How do you login to the sites if you are using a text-browser such as Lynx? I get the error

Because JavaScript is disabled, you can only log in by entering your openID URL manually

When JavaScript is enabled, I click on the Google icon and it logs me in. But I do not know what an openID URL is. Could you please tell me what this means and how to log in?
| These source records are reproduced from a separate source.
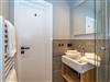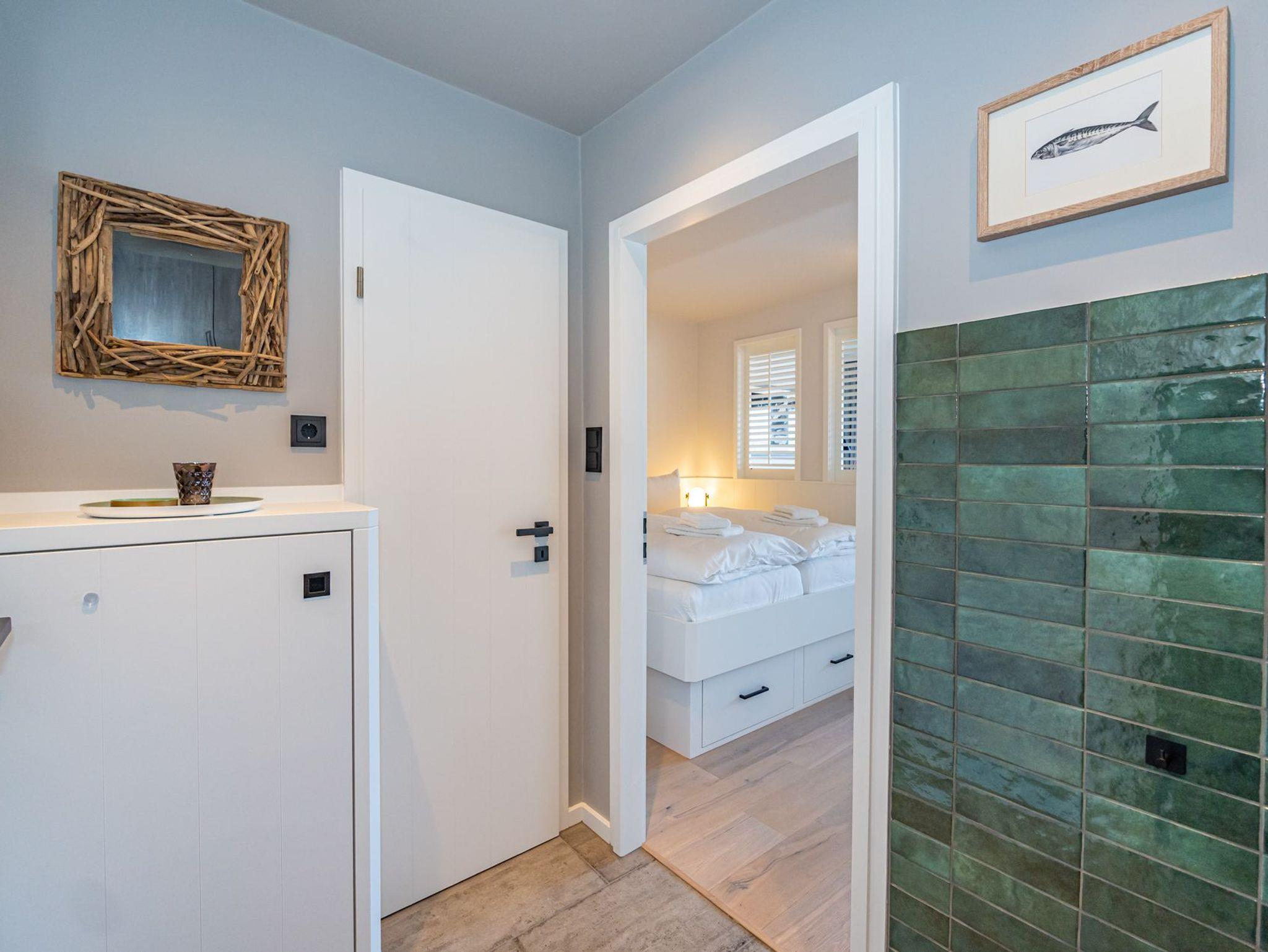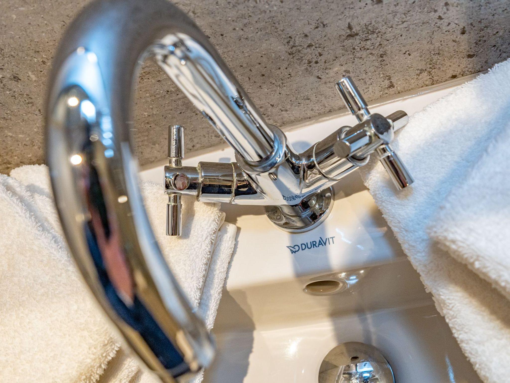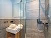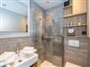 Das moderne Badezimmer ist mit einer extraflachen Dusche, Waschtisch, Handtuchtrockner, Fön, Kosmetikspiegel und WC ausgestattet.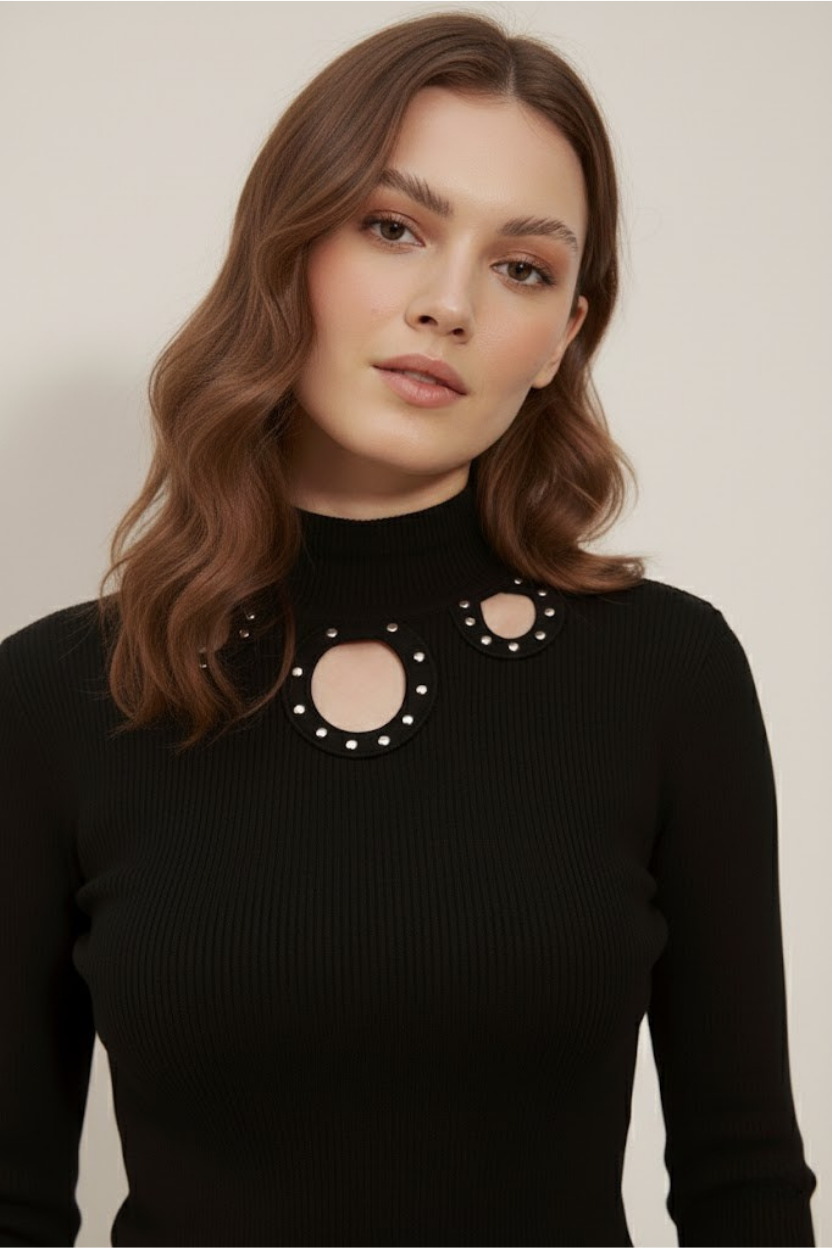 Kadın Siyah Pamuklu Kaşkorse Yarım Balıkçı Yaka Pencere Detaylı Taş İşlemeli Cut Out Bluz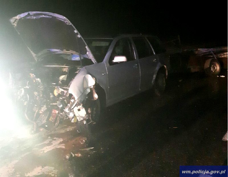 Do kolejnego zdarzenia doszło pomiędzy Złotowem a Napromkiem. Tam kierujący VW z podłączoną przyczepką najprawdopodobniej nie dostosował prędkości do warunków panujących na drodze, w wyniku czego zjechał na przeciwległy pas ruchu i doprowadził do zderzenia czołowego z kierującym audi.
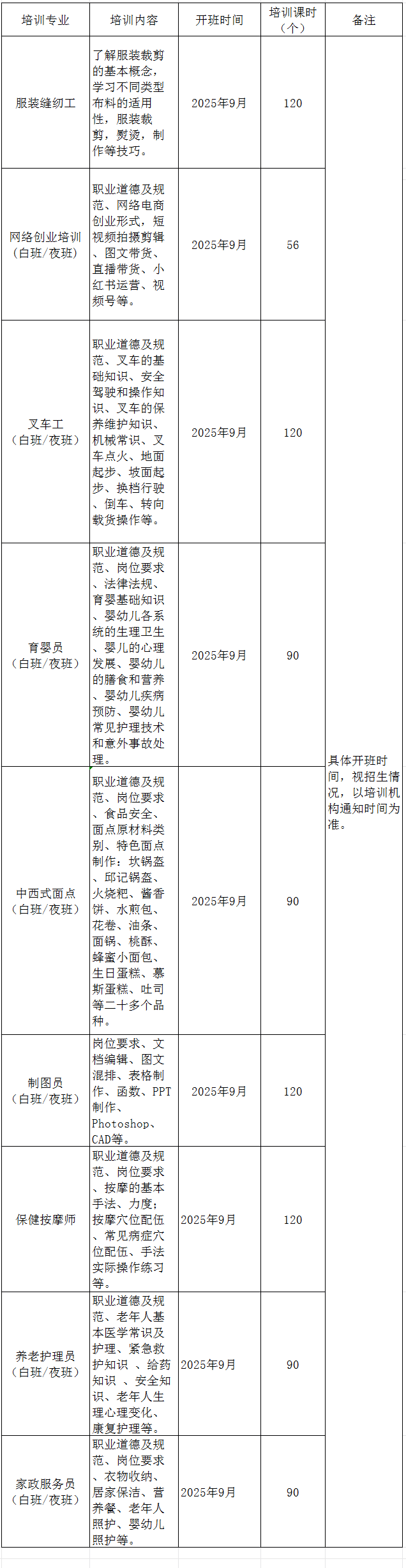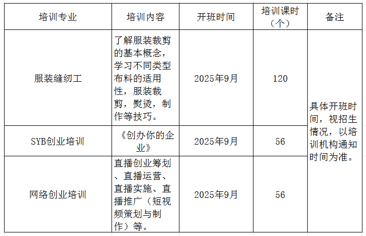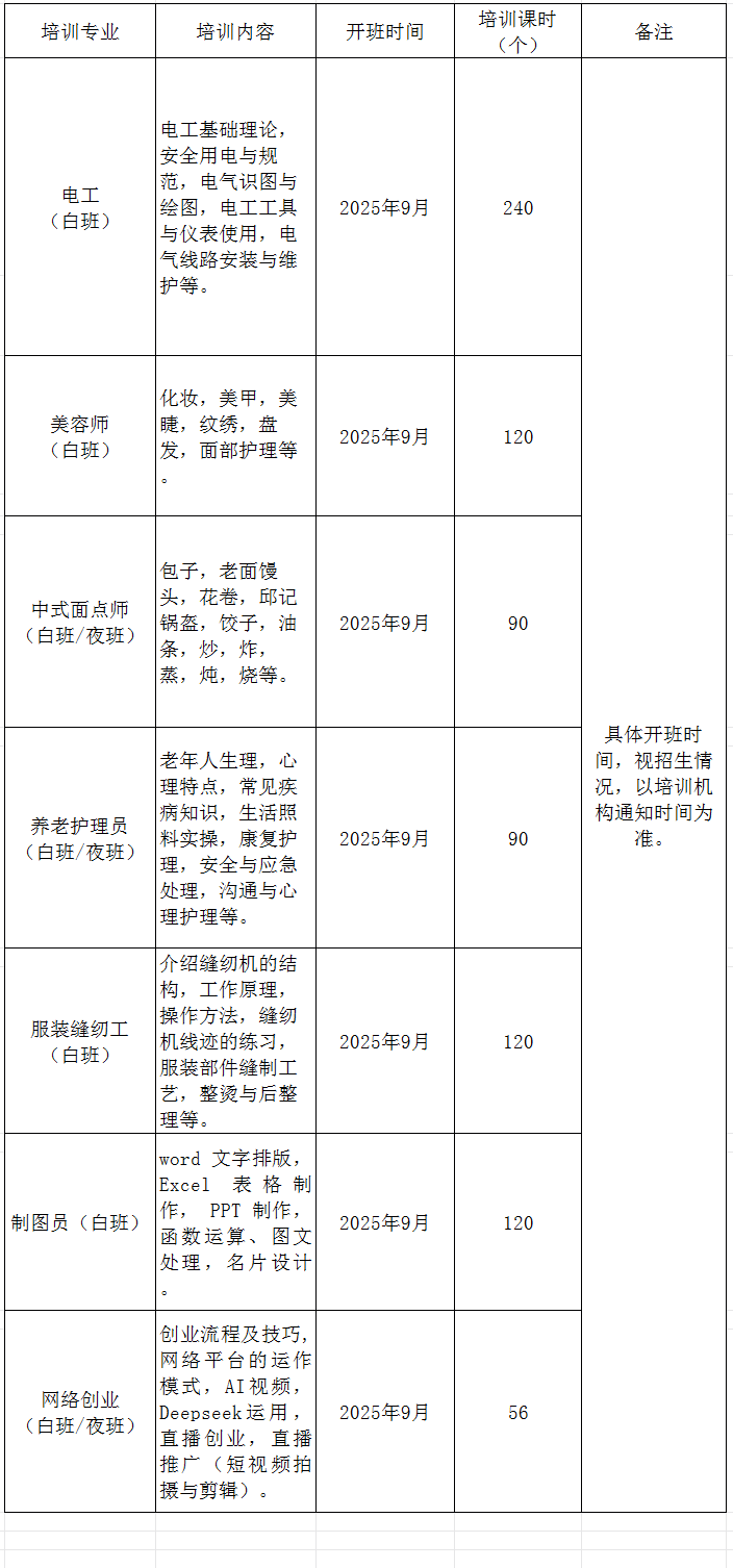 为深入贯彻落实“技能照亮前程”培训行动,提升城乡劳动者就业技能,促进高质量就业,现将潜江市2025年9月份补贴性就业创业培训开班信息予以公布。培训专业主要有叉车工、电工、制图员、育婴员、美容师、服装缝纫工、养老护理员、中西式面点、网络创业培训等,请符合培训条件以及有培训愿望的城乡劳动者踊跃报名参加。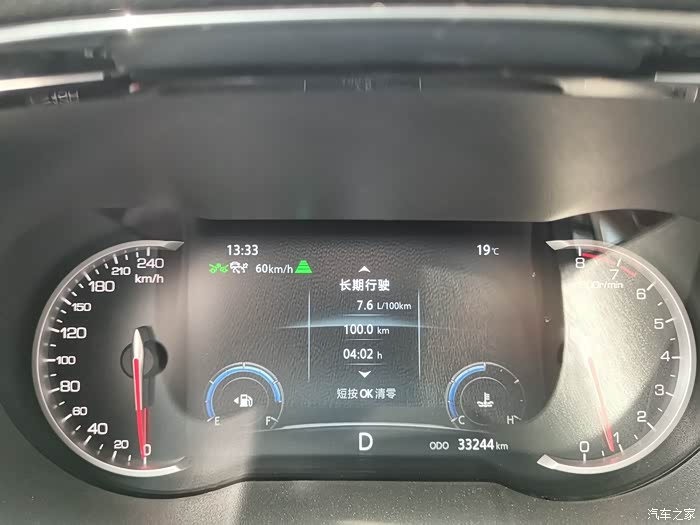 拍摄的这张仪表盘是中午吃完饭回来,在市区油耗7.6升

  • I can view the pages with little problem, but i want to answer and ask questions and to do that i need to login.
    – kyle k
    Jun 9, 2013 at 19:44
  • 2
    https://www.google.com/accounts/o8/id if I'm not mistaken
    – Bart
    Jun 9, 2013 at 19:46
  • 20
    You have to love people that use lynx...
    – rene
    Jun 9, 2013 at 19:54
  • 6
    @rene: indeed, you should: they force you to write decent sites! :)
    – haylem
    Jun 9, 2013 at 21:24
  • 1
    @Bart correct, just tried and it's working fine. Jun 11, 2013 at 11:53
  • 10
    I'm not sure what shocks me more, a Lynx user trying to use Stack Exchange, a Lynx user that does not understand the meaning of "...you can only log in by entering your openID URL manually..." or a Lynx user that has not been flamed to death by now by w3m users... Jun 11, 2013 at 12:34
  • 7
    This reminds me, I need to open a question about how SO doesn't display properly on my TI-85 graphing calculator.
    – JNK
    Jun 11, 2013 at 13:09
  • 2
    Lynx is such an amazing browser.
    – Greg
    Jun 11, 2013 at 13:24
  • That is so cool, you can access the internet with your TI-85 graphing calculator, i would love to hear more.
    – kyle k
    Jun 11, 2013 at 19:36

1 Answer 1


An OpenID identifier is a URL that represents an identity on the Internet. OpenID was invented by LiveJournal as a way for users to prove their control over a particular blog. It has since come to be used by Google, AOL, Yahoo!, Stack Exchange, and other web sites as a decentralized authentication platform to let someone with an account on one site (the "provider") log in to other sites ("relying parties"). Sometimes the identifier is specific to a user, such as a user's profile page or blog, and sometimes it's a generic identifier that the provider redirects to a user's identifier. For more information about OpenID, check FAQ for Stack Exchange sites.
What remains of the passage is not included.